Ransomware is a computer virus that encrypts your computer files, or locks up you computer so that you can not access your files. In order to access your files again, you pay a ransom to the attacker who then provides you with the decryption key.
How to prevent a ransomware attack
Some precautions to take against all viruses, including ransomware.
- Do not click on links to websites that are sent in emails or chat messages.
- Always run anti-virus software – for Windows users can always use Microsoft Security Essentials, it’s free with a Windows license.
- Run a firewall – Windows comes with Windows Firewall, turn it on.
Implement a data backup plan
How would your business function if data (such as spreadsheets, documents, contact lists, contracts and agreements with your customers and/or clients is lost)? Do you have a recent backup of this data? Do you have the ‘manual backup’ process where you store backup files on a thumb drive every week (but in reality you did it once a year or two ago .. maybe three)? Do you backup your files to a separate folder on your hard drive (not much help if the drive fails or becomes encrypted)?
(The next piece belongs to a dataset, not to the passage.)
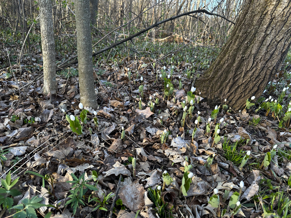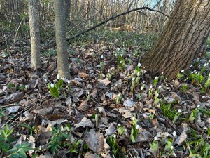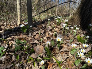 The first forest wildflowers of spring are showing up. The annual blooming of Bloodroot blossoms is always a fun accent to the orchestra of greens emerging after the ground truly thaws.

You need to have a solid, reliable data backup and restoration plan if you do become a victim of a ransomware virus, or for something common such as your hard drive failing. You need to ensure your backups do not get ‘stale’, automate your backups. Store backups offsite / in the cloud to ensure you data is available even in case of equipment failures.
Here are some backup options:
Cloud backup options
Google Drive – A google account comes with 15GB of storage called Google Drive. You can store backup files up to your Google Drive for offsite backups. There is a PC application that can be downloaded at syncs folders on your PC to Google Drive. The PC application creates a folder under you User Folder called Google Drive. any folders you place in there will be automatically uploaded to Google Drive. Google Drive is also useful if you want to share files with other people that you assign permissions to.
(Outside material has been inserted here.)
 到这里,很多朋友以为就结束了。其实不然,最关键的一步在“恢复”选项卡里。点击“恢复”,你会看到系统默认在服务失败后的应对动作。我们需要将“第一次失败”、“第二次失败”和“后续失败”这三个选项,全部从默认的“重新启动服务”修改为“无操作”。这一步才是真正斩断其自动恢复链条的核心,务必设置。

- Dropbox – Dropbox is another web service that syncs files on your PC to offsite backup. Like Google Drive, you can share files with others.
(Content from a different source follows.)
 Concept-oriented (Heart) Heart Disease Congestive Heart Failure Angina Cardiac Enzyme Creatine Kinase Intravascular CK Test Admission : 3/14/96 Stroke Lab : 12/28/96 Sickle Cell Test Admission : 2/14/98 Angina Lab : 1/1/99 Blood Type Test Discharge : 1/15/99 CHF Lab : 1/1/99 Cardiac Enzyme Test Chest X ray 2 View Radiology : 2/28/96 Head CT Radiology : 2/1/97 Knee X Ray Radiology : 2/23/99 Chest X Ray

- A few other options are Microsoft OneDrive, Amazon AWS, there are also dedicated services such as a Carbonite or Mozy. I can not speak to those as I have not used them.
Loss of data has a significant impact on your business. You need a plan of backing up and restoring data. Perform data backups routinely (automated backups are preferred). Never store a backup on the same hard drive as the source files. Store backups to an off-site/cloud provider.
If data is lost and you have no backup, it is gone for good. Plan and implement your backup strategy now!